Laser light, like other natural light, is produced by the transitions of atoms (molecules or ions). However, unlike ordinary light, laser light relies on spontaneous emission only for a very short initial period; the subsequent process is entirely determined by stimulated emission. Therefore, laser light has a very pure color, almost no divergence directionality, extremely high luminous intensity, and high coherence.
Laser cutting utilizes the high power density energy generated by focusing a laser beam. Under computer control, the laser is pulsed to discharge, outputting controlled, repetitive high-frequency pulsed laser light, forming a beam with a specific frequency and pulse width. This pulsed laser beam is conducted and reflected through an optical path and focused onto the surface of the object being processed by a focusing lens group, forming tiny, high-energy-density spots. The focal spot is located near the surface to be processed, instantly melting or vaporizing the material at high temperature. Each high-energy laser pulse instantaneously sputters a tiny hole into the object's surface.
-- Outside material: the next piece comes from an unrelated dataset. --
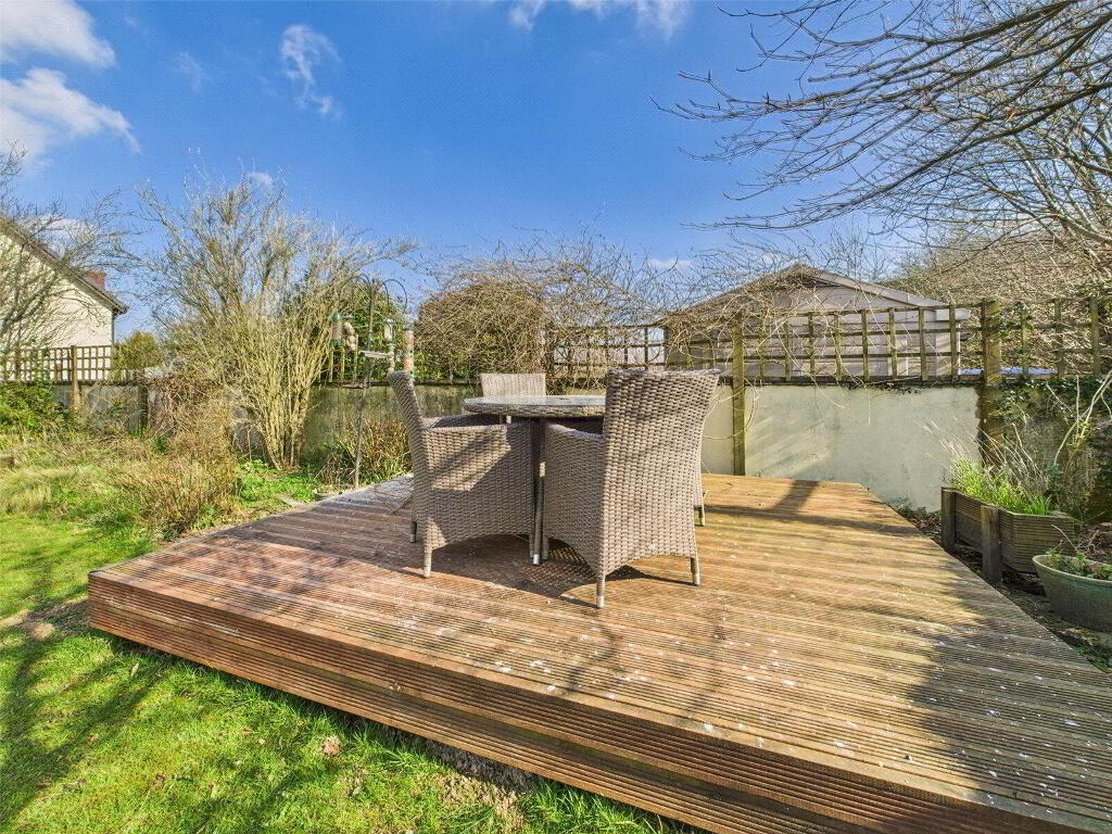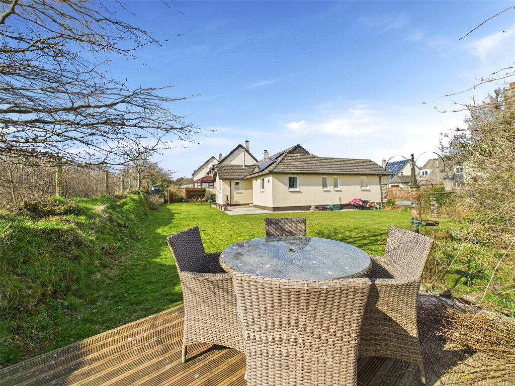 The property has a generous size frontage providing ample off road parking with a tarmac and gravel laid areas. Pedestrian access round the side of the property gives access to the rear gardens, which are a great size being a corner plot, principally laid to lawn with a mix of natural Devon Bank boundaries and walls. Raised timber decking provides the ideal spot for alfresco dining whilst enjoying a lovely view to the rear.

Under computer control, the laser processing head and the material being processed move continuously relative to each other according to a pre-drawn pattern, thus shaping the object into the desired form.
The process parameters (cutting speed, laser power, gas pressure, etc.) and motion trajectory during kerf cutting are all controlled by a CNC system, and the molten slag at the kerf is blown away by auxiliary gas under a certain pressure.